American papermaker and artist (1906–1994)

Douglass Morse Howell (November 30, 1906 – February 6, 1994) was an American papermaker, educator, and Modernist painter. He is known a pioneer in the field of paper art.

== Early life and education ==
Douglass Morse Howell was born in November 30, 1906, in New York City, New York. His mother was Edna Mary Howell, a foreign correspondent for the Associated Press. Howell grew up in Florence and Genoa. He attended University of Turin. In 1930 during the Great Depression, he returned to the United States to work as a banker and literary agent.

== Career ==
By the mid-19th century, making paper by hand was extinct in the United States. By 1912, fine book printer and publisher, Dard Hunter had reestablished the craft of fine hand paper making but by the 1930s the craft had lapsed in interest again. During World War II, Howell served in the military for five years. When Howell returned to New York City after serving in World War II, he established himself as a fine printer and discovered that art paper was in short supply. During the 1940s and 1950s, Howell started reading Hunter’s books on paper making, as well as learning about hand paper making history, conducted paper making research, and learned about printed books.

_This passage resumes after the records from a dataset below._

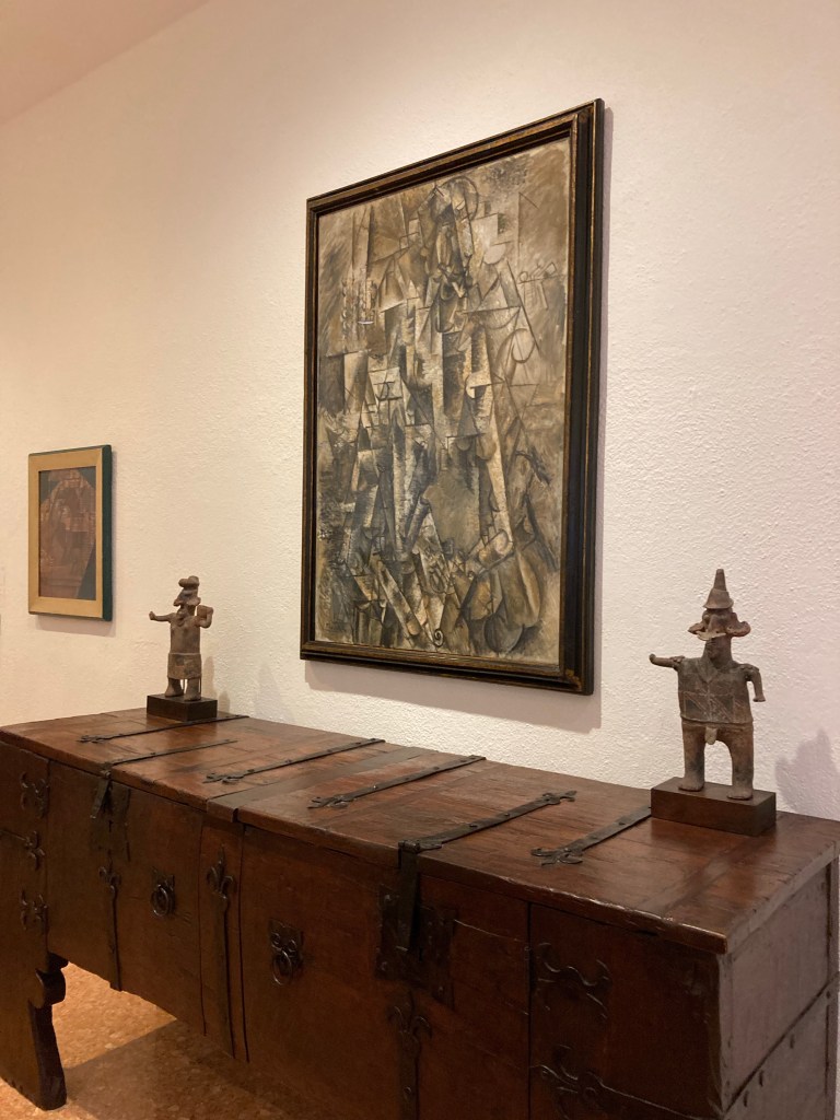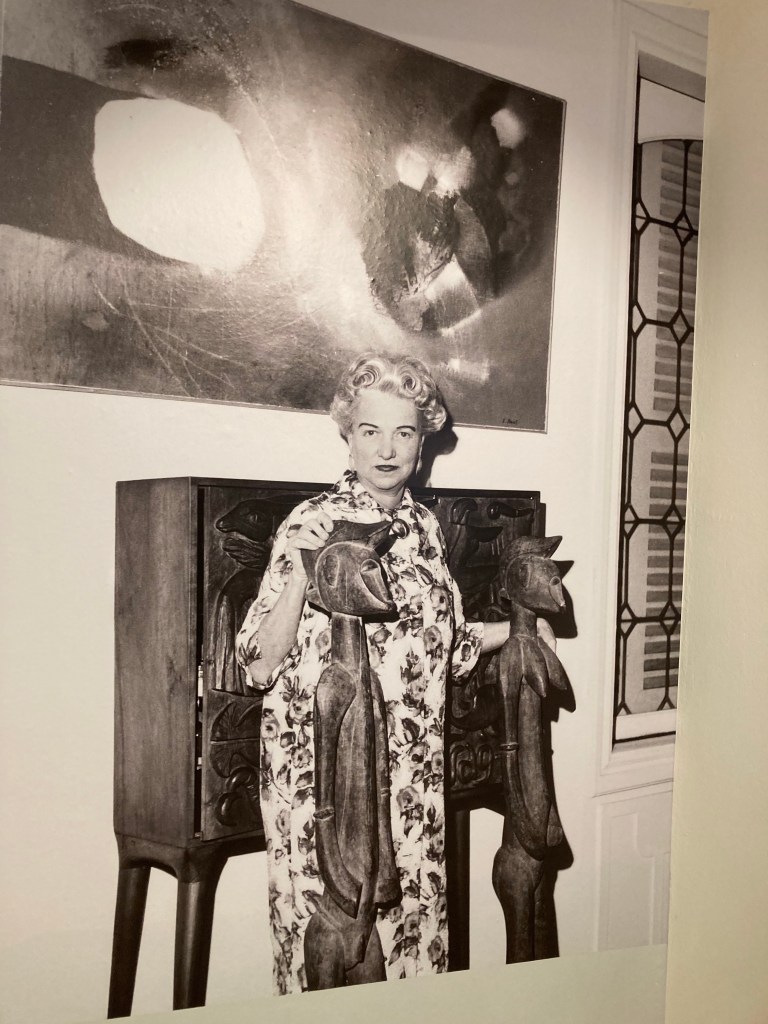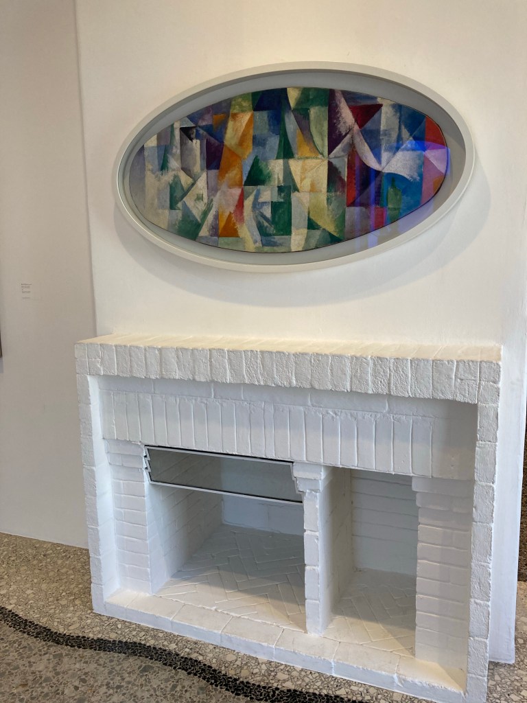 Dans le bâtiment qui servait de salon ou de salle à manger on y découvre des cheminées d’où surplombent des tableaux de différents artistes (Max Ernst, Delaunay….). De très beaux meubles de style chinois s’offrent à nous. L’entrée de la maison, elle est enluminée par un mobile de Calder ! Cela donne une impression que l’aluminium envoie des faisceaux de lumières un peu partout, amplifiés par les reflets de la grille sur le sol.
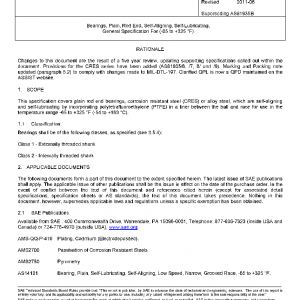 This specification covers plain rod end bearings, corrosion resistant steel (CRES) or alloy steel, which are self-aligning and self-lubricating by incorporating polytetrafluoroethylene (PTFE) in a liner between the ball and race for use in the temperature range -65 to +325 °F (-54 to +163 °C).
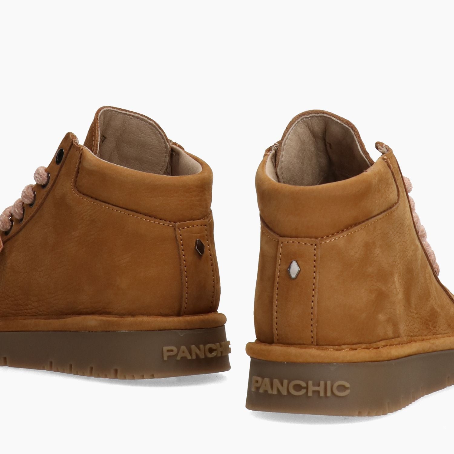 Honey nubuck ankle boot. Tone-tone melange chenille laces. Replacement light brown waxed cotton laces. Faux leather lining. Removable insole. 3 cm grey rubber sole. Panchic women's Fall/Winter collection.
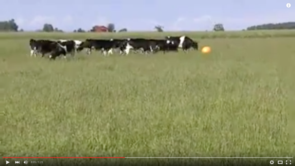 A farmer figured his cows needed something to do in the pasture besides eat and sleep, so he gave them a big, orange ball to play with it.
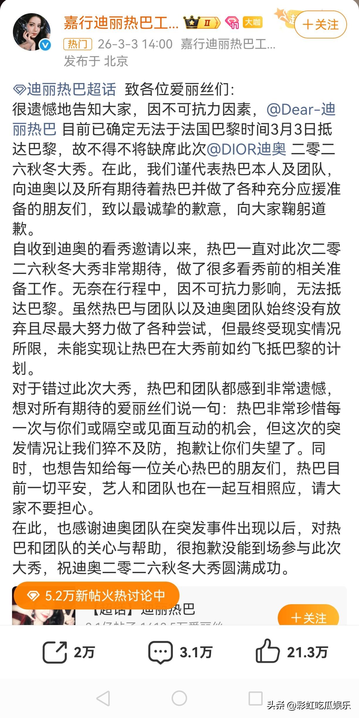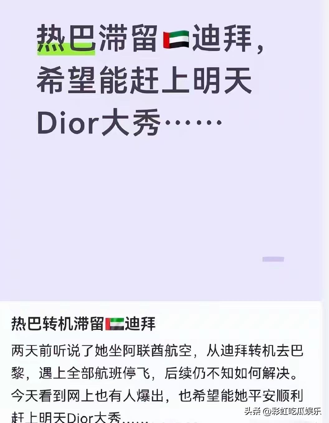 迪丽热巴太倒霉了,滞留迪拜机场赶不上明天到迪奥大秀,工作室沉默,谁都不知道会发生什么。 现在的航班停飞,机场乱作一团,大量旅客都滞留,好几个明星都困在那里,周雨彤去迪拜过年,游泳度假有多爽,现在就有多后悔。 迪丽热巴是去转机的,没想到耽误了行程,是经纪公司没有安排好。不过工作室也报平安了,迪丽热巴没事,希望早日回来!

In May 1946, Howell had married educator Alice Orcutt (later known as Alice Howell Andersen) in New York City, the marriage ended in divorce. They had four children, including daughter, Elisabeth Howell King.

The handmade papers were used for printmaking, artist book making, collage, drawing and watercolors. Howell created special handmade paper for artists Jackson Pollock, Jasper Johns, Larry Rivers, Alfonso A. Ossorio, and others. Later in his career, he moved the paper making operations to Long Island, New York. In 1993, Howell was honored by the American Craft Council as a gold medalist.

Howell died on February 6, 1994, in Hackettstown, New Jersey. His work is included in public museum collections including at the Art Institute of Chicago, the Harvard Art Museums, and other places.

One of his papermaking students was artist Golda Lewis (1915 – 2005).